INSTRUCTIONS FOR THE TASK:
Below are lines of records; copy exactly those from the one containing "核家族が増え、子どもたちはお" through the one containing "Идол на маите", leaving the pictures behind.

=== Begin Enclosure ===

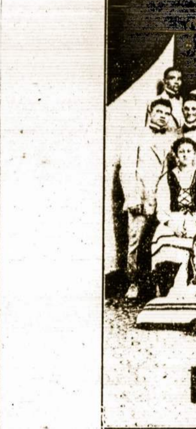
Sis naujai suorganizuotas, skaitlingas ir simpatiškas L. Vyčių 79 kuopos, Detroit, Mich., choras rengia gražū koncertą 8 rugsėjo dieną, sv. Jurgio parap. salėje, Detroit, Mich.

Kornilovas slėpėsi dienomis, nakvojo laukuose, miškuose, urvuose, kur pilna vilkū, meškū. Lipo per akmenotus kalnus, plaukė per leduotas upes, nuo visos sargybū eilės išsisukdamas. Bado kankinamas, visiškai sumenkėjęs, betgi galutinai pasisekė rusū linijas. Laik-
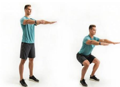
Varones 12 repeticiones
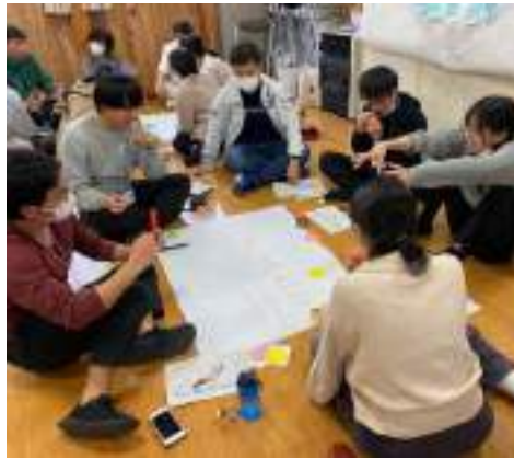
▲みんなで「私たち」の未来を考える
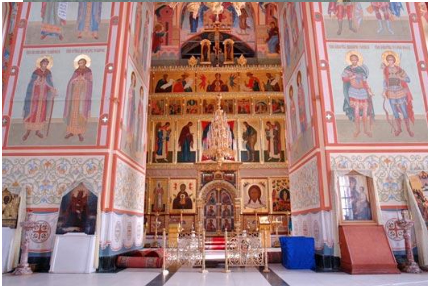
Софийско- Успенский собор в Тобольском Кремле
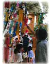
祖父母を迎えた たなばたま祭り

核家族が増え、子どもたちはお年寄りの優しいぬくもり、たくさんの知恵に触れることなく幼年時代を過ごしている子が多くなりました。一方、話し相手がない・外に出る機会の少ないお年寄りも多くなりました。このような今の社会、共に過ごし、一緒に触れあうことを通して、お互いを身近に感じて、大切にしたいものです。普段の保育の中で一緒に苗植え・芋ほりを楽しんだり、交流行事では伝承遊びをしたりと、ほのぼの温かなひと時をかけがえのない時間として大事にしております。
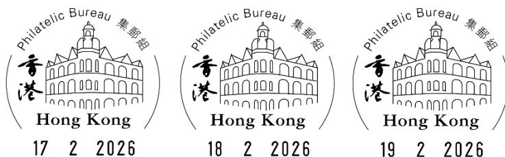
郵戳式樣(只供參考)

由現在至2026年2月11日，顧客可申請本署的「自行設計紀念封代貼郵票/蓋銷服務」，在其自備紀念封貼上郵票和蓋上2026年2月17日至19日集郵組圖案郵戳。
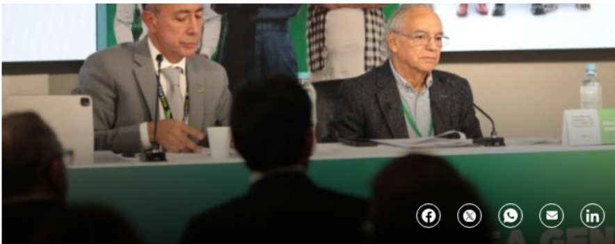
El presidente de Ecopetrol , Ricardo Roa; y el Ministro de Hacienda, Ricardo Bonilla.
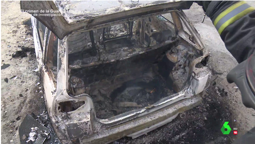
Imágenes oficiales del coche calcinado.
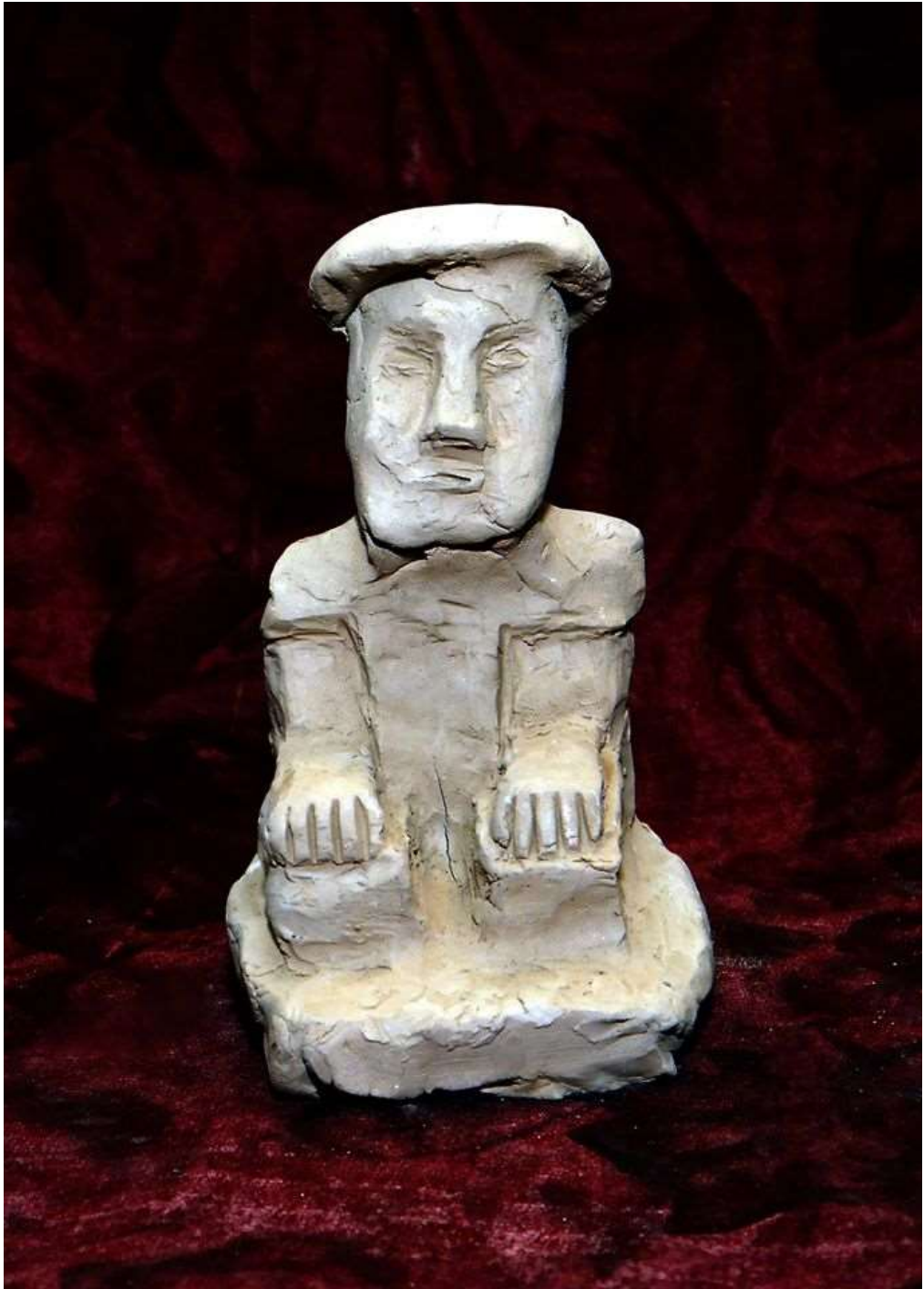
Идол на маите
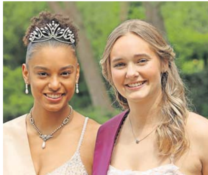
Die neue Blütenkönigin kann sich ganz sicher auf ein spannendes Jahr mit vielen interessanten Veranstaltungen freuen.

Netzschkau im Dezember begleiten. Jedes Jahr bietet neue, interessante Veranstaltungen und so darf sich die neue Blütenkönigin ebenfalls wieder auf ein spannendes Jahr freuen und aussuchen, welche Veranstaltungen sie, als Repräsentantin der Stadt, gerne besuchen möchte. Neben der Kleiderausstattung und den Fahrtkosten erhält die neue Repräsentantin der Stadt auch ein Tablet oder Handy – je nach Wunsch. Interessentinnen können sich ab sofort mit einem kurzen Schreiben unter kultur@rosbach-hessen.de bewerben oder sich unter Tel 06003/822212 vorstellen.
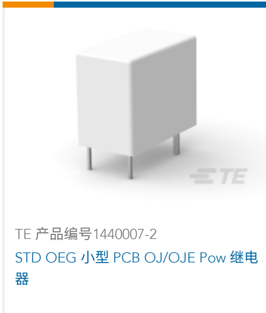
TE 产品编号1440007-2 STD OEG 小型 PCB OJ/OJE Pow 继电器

=== End Enclosure ===

OUTPUT FOR THIS TASK:
核家族が増え、子どもたちはお年寄りの優しいぬくもり、たくさんの知恵に触れることなく幼年時代を過ごしている子が多くなりました。一方、話し相手がない・外に出る機会の少ないお年寄りも多くなりました。このような今の社会、共に過ごし、一緒に触れあうことを通して、お互いを身近に感じて、大切にしたいものです。普段の保育の中で一緒に苗植え・芋ほりを楽しんだり、交流行事では伝承遊びをしたりと、ほのぼの温かなひと時をかけがえのない時間として大事にしております。
郵戳式樣(只供參考)

由現在至2026年2月11日，顧客可申請本署的「自行設計紀念封代貼郵票/蓋銷服務」，在其自備紀念封貼上郵票和蓋上2026年2月17日至19日集郵組圖案郵戳。
El presidente de Ecopetrol , Ricardo Roa; y el Ministro de Hacienda, Ricardo Bonilla.
Imágenes oficiales del coche calcinado.
Идол на маите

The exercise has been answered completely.